А мелочь, левые мазилки, конечно, ставку свою сделали не зря. Ведь раздолье какое… Ни знания, ни таланта, ни своеобразия. Приложись только верноподданно к красной туфле М. Ф. Андреевой, опусти раскаявшиеся глаза к советскому подножию и вмиг из недоучки, полуголодной богемы попадешь в привилегированную касту советских гениев. Заслуга ведь немалая: здесь, в сердце Европы, на показательной культурной выставке помочь своим новым господам создать советские декорации. Пусть полуграмотно, пусть коряво, — корявость, то есть зачастую просто неумелость, прикрытая кое-каким новаторством, — давно ведь стала новым декоративным стилем. Возьмут количеством экспонатов, — вот, мол, какая мощная наша пролетарская культура… И знатные иностранцы, пожалуй, и не разберутся: примут среднюю пачкотню за скифско-пролетарские достижения, свет с красного востока… А уж своя реклама поможет.

Это ли будет не заслуга «Союза русских художников во Франции»? И оценят ее советские воротилы по достоинству. Целая артель новообращенных пригодится ведь и после выставки: плакаты, проекты планетарных памятников Ленину, этикетки для новой советской водочной монополии — заказов не оберешься. Устроился же т. Ларионов, вдохновитель союза, приведший раскаявшихся за ручку на рю де Гренель. А что такое Ларионов — мы ведь немного знаем. Никакой художник, ни одной картины, о которой стоило бы вспомнить. Так, какие-то пустячки в стиле упражнений малоуспевающего ученика школы Штиглица, тщательно загримированные ультралевым уклоном.
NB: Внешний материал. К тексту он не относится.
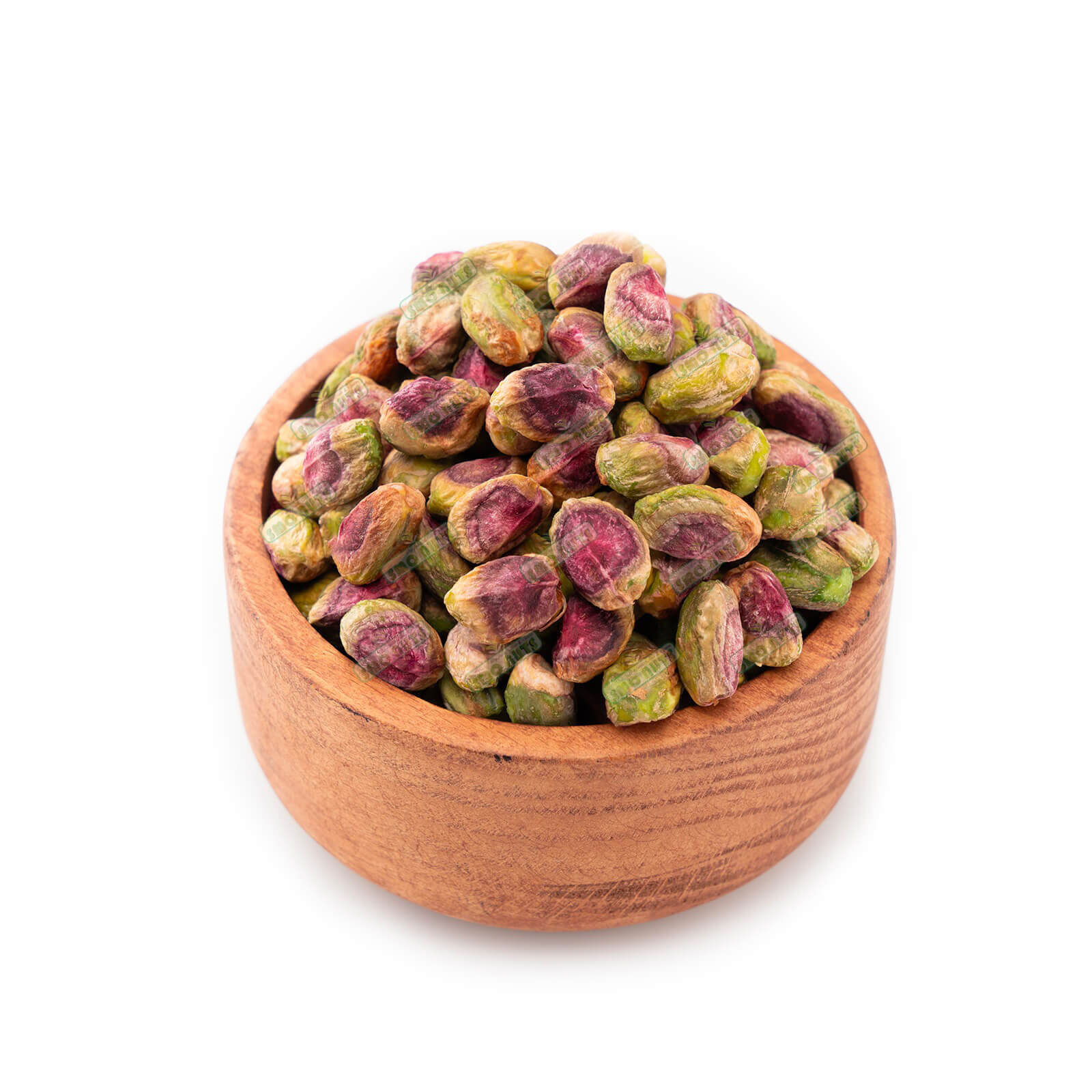 Shape & Texture: Oval/round jumbo shape, natural open shell, green kernel, soft-crunchy texture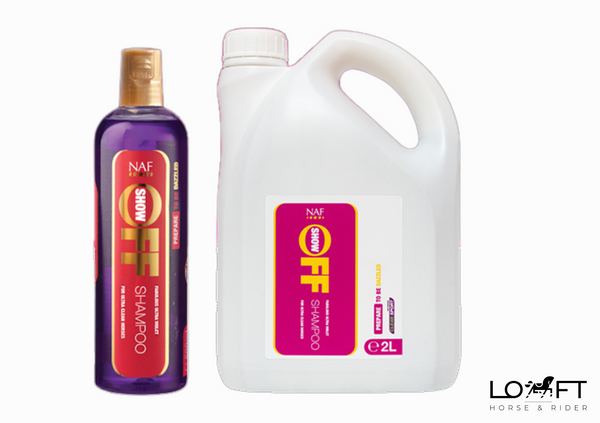 Sposób użycia: Do 1 litra wody należy dodać 20 ml szamponu Show Off lub nałożyć produkt bezpośrednio na wilgotną sierść konia. Wmasuj w sierść, aby uzyskać gęstą pianę i dokładnie spłucz czystą wodą.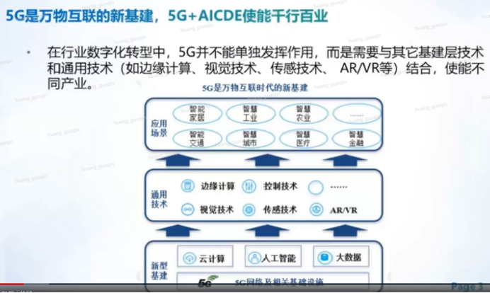 在行业数字化转型中,5G并不能单独发挥作用,而是需要与其他基建层技术和通用技术(如边缘计算、视觉技术、传感技术、AR/VR等)结合,使能不同产业。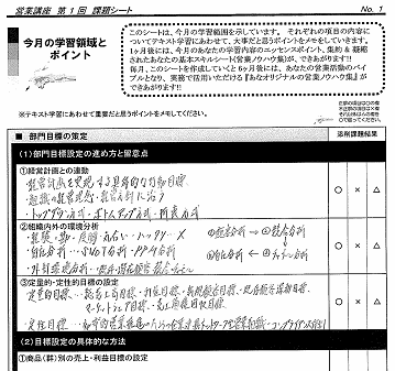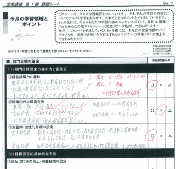 C課題シートで 添削課題で誤 った部分のチェ ック。そして再 学習によるフォ ロー活動により 基本的な営業 スキル体系を 漏れなく習得で きます。 |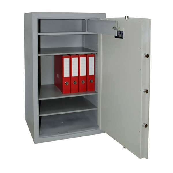 Внутреннее пространство имеет размеры: 949 мм по высоте, 550 мм по ширине и 418 мм по глубине. Есть 3 полки, которые позволят разделить, например, документы и деньги. Их можно легко снять, если будет необходимость хранить объемные предметы. Пространство внутри сейфа позволяет легко поместить обычные папки с документами формата А4 в 4 ряда. Дополнительно в этой модели есть отдельный кассовый отдел (трейзер), который можно закрыть на ключ.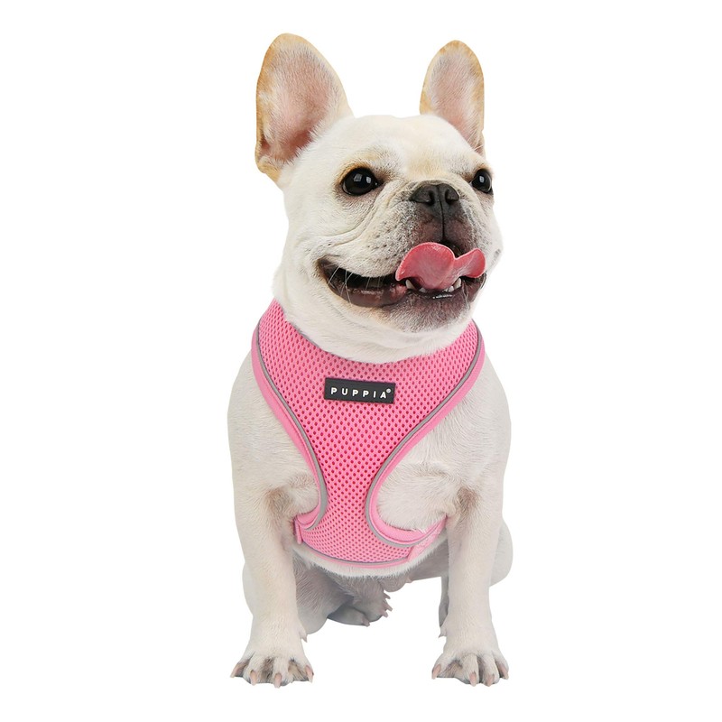 The Soft Harness Pro (over-the-head)features a solid color and solid schemed. It is an newest version of best selling Puppia Soft Harness featuring an adjustable chest belt, reflective straps and Puppia rubber label on the chest. Matching leashes are available and sold separately. Available in RED / PINK / CAMO / NAVY / BLACK in sizes ranging from Small to Extra Large. Please note that because these products were created with small breeds in mind, larger sizes (i.e. Large, Extra-Large, etc.) do not necessarily mean larger breeds. Please refer to image of the size chart. It is very important to measure your dog with a tape measure according to the size chart. As a general rule of thumb, if your dog falls in between sizes, it is usually better to go up a size. Weight figures are for estimates only. Always use actual measurements. Please note that when measuring your dog for clothing, it's very important to have an accurate measurement of your dog's neck and chest girth. IMPORTANT: Please note that when measuring your dog, the measurement for the neck must be taken at the BASE OF THE NECK and chest girth must be taken behind the front legs. Also it is important to take into account the size of the dog's head as well as neck girth and chest girth. Since some dogs have a much larger head than their neck, please be sure that the neck opening is large enough to slide over your dog's head.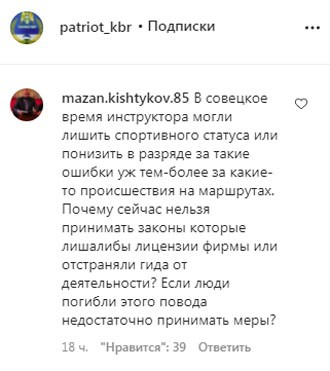"В советское время инструктора могли лишить спортивного статуса или понизить в разряде за такие ошибки и уж тем более за какие-то происшествия на маршрутах. Почему сейчас нельзя принимать законы, которые лишали бы лицензии фирмы или отстраняли гида от деятельности? Если люди погибли, этого повода недостаточно для принятия мер?" – задался вопросом mazan.kishtykov.85.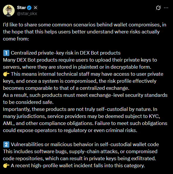 A kriptós hackek számának növekedésére reagálva az OKX vezérigazgatója és alapítója, Star Xu kiemelte a DEX botokat és a letétkezelő pénztárcákat mint új kockázati tényezőket és célpontokat.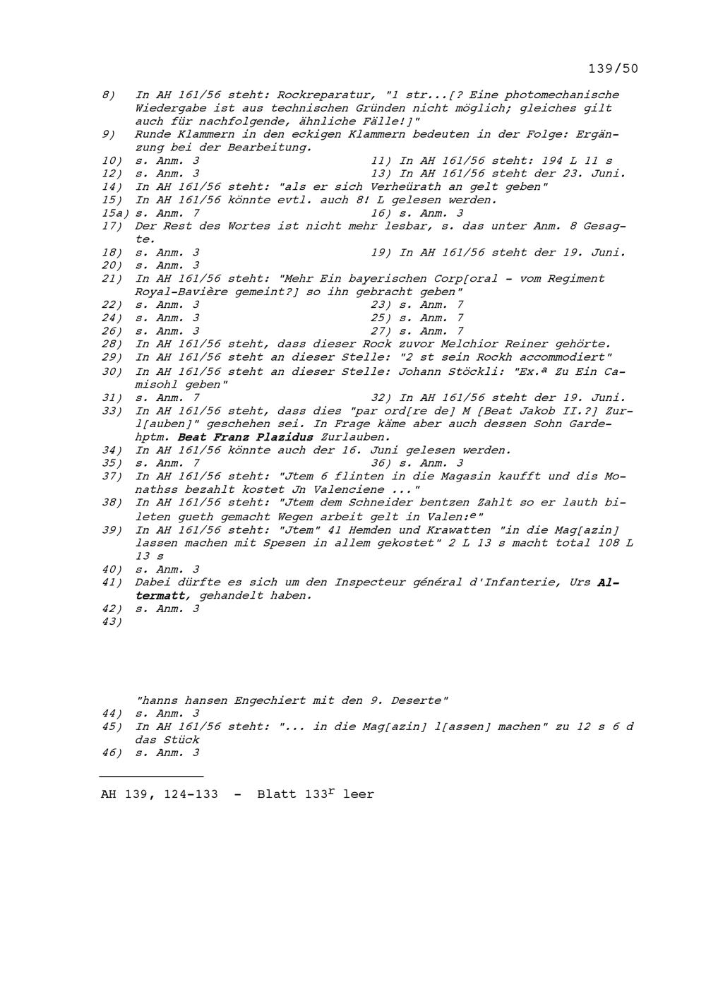Mannschaftsrodel der Kompanie von Beat Jakob II. Zurlauben, Hauptmann im Regiment Pfyffer in französischen Diensten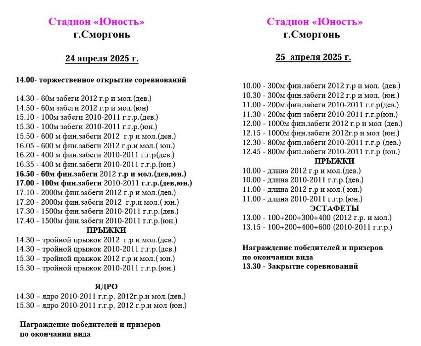 24-25 апреля 2025 года в г. Сморгонь пройдут открытые республиканские соревнования по легкой атлетике «Дружба-2025» памяти Барташевича С.С. среди учащихся 2010-2011, 2012 г.р. и моложе. Соревнования проводятся на стадионе «Юность».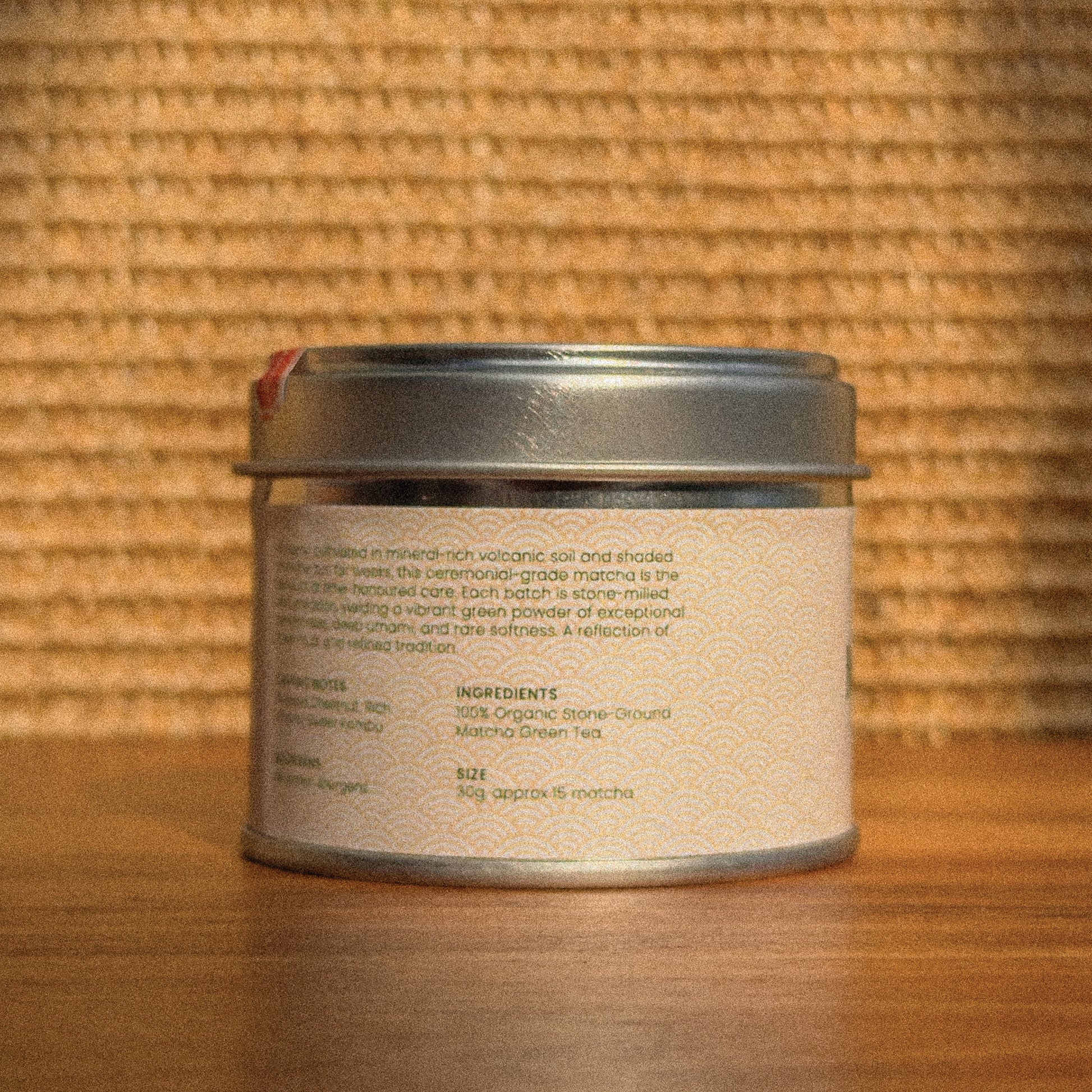 Sourced from renowned tea fields, this Wakatake ceremonial-grade matcha is crafted from the youngest first-flush leaves. Shaded for several weeks before harvest to increase chlorophyll and L-theanine, this allows the leaves to develop their vivid green colour, smooth texture, and rich umami depth. Each batch is stone-milled in small quantities, producing an exceptionally fine powder with remarkable softness and balance. Defined by its deep umami, natural sweetness, and vibrant hue, this is true ceremonial matcha.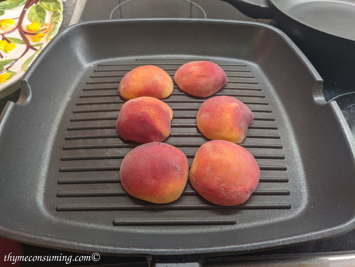 - Grill two peaches first with the inside down. Of course, get the pit out. Then grill them on the skinny part.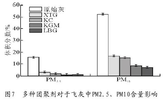 通過圖7可見,添加多種團(tuán)聚劑后,飛灰粒物中PM2.5和PM10分別都有不同程度的減少,其中團(tuán)聚劑LBG效果較顯著,團(tuán)聚劑KGM其次。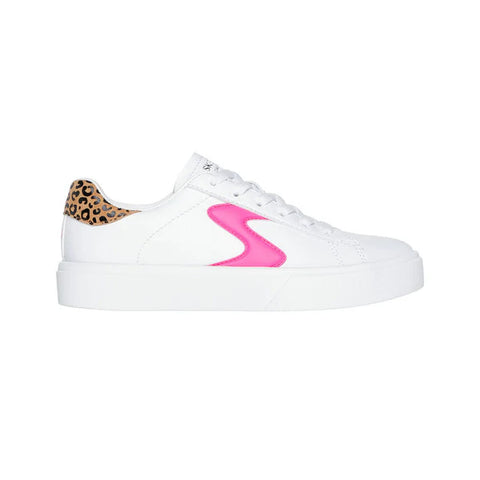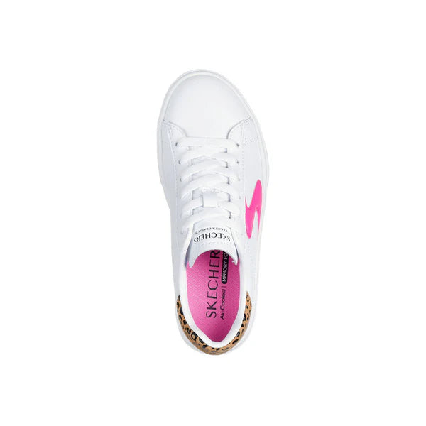 Bring the kids in on the clean, court style trend with Skechers Eden LX. This comfortable lace-up features a synthetic duraleather upper with modern 'S' quarter logo, leopard print collar detail, and a cushioned Skechers Air-Cooled Memory Foam® insole.

Одно бы, примитивной честности ради, можно было бы посоветовать союзу: пусть именуют себя впредь не: «союзом русских художников», а «Союзом ССэровских раскаявшихся неудачников».

Настоящий же союз образуется и помимо них, в чистом виде, без плевел, без пресмыкательства и ползания на брюхе перед теми, кто не пощадил ни одной музы… И когда образуется, устроить, если понадобится, легко и на полной свободе свою выставку: выставку независимых русских художников, а не спешно перекрасившихся в красную краску декораторов-капельдинеров.